• MATERIAL FOR THIS EXERCISE:
>>

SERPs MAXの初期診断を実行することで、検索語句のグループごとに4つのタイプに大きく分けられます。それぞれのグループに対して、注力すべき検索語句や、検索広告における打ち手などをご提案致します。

<<
>>

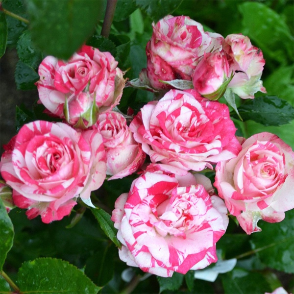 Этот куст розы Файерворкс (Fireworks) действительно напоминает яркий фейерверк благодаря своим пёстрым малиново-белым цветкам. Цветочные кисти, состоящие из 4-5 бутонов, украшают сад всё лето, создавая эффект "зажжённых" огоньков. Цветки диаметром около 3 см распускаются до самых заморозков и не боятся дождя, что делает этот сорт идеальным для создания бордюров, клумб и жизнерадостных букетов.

<<
>>

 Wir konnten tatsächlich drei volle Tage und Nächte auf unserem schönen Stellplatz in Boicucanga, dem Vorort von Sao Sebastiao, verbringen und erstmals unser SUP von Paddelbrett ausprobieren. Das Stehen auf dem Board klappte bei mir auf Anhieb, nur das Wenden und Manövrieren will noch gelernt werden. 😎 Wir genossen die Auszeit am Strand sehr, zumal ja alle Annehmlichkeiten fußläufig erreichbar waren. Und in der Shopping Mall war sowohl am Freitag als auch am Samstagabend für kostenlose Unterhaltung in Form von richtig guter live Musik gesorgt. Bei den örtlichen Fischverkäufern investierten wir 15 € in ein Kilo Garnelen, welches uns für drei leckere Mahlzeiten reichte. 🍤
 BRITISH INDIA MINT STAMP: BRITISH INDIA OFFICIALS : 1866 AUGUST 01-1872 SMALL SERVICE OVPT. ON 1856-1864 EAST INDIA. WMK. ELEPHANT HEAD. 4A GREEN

<<

Your answer must be the lines above from the one containing "Wir konnten tatsächlich" to the one containing "BRITISH INDIA MINT", both included, restated word for word.

• SOLUTION FOR THIS EXERCISE:
 Wir konnten tatsächlich drei volle Tage und Nächte auf unserem schönen Stellplatz in Boicucanga, dem Vorort von Sao Sebastiao, verbringen und erstmals unser SUP von Paddelbrett ausprobieren. Das Stehen auf dem Board klappte bei mir auf Anhieb, nur das Wenden und Manövrieren will noch gelernt werden. 😎 Wir genossen die Auszeit am Strand sehr, zumal ja alle Annehmlichkeiten fußläufig erreichbar waren. Und in der Shopping Mall war sowohl am Freitag als auch am Samstagabend für kostenlose Unterhaltung in Form von richtig guter live Musik gesorgt. Bei den örtlichen Fischverkäufern investierten wir 15 € in ein Kilo Garnelen, welches uns für drei leckere Mahlzeiten reichte. 🍤
 BRITISH INDIA MINT STAMP: BRITISH INDIA OFFICIALS : 1866 AUGUST 01-1872 SMALL SERVICE OVPT. ON 1856-1864 EAST INDIA. WMK. ELEPHANT HEAD. 4A GREEN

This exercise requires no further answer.